Bima menatapnya tak percaya.
“Kamu nggak punya rasa sama aku sama sekali?”
“Punya atau tidak itu bukan alasan untuk kembali pada sesuatu yang pernah menghancurkan, Mas”
“Aku akan berubah, Nisa.”
“Mungkin iya. Tapi mental dan hati ku gak bisa melanjutkan semua nya. Lagian kita gak ada ikatan apa-apa. Jadi kita bisa berpisah seperti ini tanpa harus urus ini dan itu. Aku bebas mengejar kebahagiaan aku, begitupun dengan mas.”
Air mata mulai jatuh di pipi Bima. Ia menunduk, memejamkan mata keras-keras.
“Jadi ini… akhir kita?"
“Bukan akhir,Mas” Anisa tersenyum samar. “Ini awal. Awal dari hidup yang lebih baik, buat kita berdua. Aku harap kamu bisa nemukan gadis yang benar-benar tulus mencintai kamu, bukan karena status atau harta.”

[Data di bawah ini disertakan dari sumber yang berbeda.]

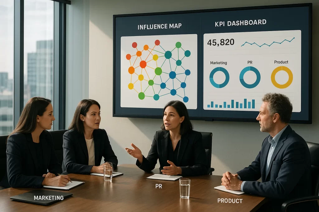 An influence map isn’t just a pretty diagram. It’s a decision-making tool that helps leadership, marketing, and PR teams see:

Bima mengangguk pelan, suaranya parau.
“Dan kamu?”
“Aku cuma ingin hidup tenang dan damai sembari mengejar cita-cita aku,” jawab Anisa lembut. “Biar Tuhan yang atur sisanya.”
Mereka terdiam cukup lama. Hanya suara hujan yang menemani. Bima akhirnya melangkah mundur.Ia menatap sekali lagi wajah Anisa—wajah yang dulu ia sakiti, kini justru terlihat begitu kuat dan berwibawa.
“Terima kasih, Nisa,” bisiknya lirih. “Terima kasih karena kamu masih mau dengerin aku hari ini.”
“Hati-hati di jalan,Mas Bima,” jawab Anisa singkat, lalu berbalik membantu anak-anak lagi.
Bima berjalan keluar dari panti dengan langkah berat. Setiap tetes hujan di wajahnya terasa seperti penebusan kecil atas dosa yang terlalu besar. Dan di balik jendela, Anisa memandangi punggung Bima yang menjauh… lalu menutup matanya sambil berdoa lirih,
“Semoga kamu benar-benar menemukan kebahagiaanmu, Mas… bukan karena harta, tapi karena cinta yang sesungguhnya.”
Bima pergi dengan perasaan hancur, Iya sangat berharap Anisa bisa kembali bersamanya memulai hidup yang baru sebagai suami istri yang sah di mata agama dan juga hukum. tapi sepertinya Anisa sudah terlanjur trauma hidup dengannya. kilasan-kilasan kejadian ketika Bima memperlakukan Anisa tidak adil pun terlintas begitu saja memenuhi pikirannya, dan akhirnya Bima sadar jika tu semua adalah ulah dari Luna, wanita yang dulu sangat ia cintai bahkan ia rela melawan kehendak orang tuanya demi mempertahankan Luna.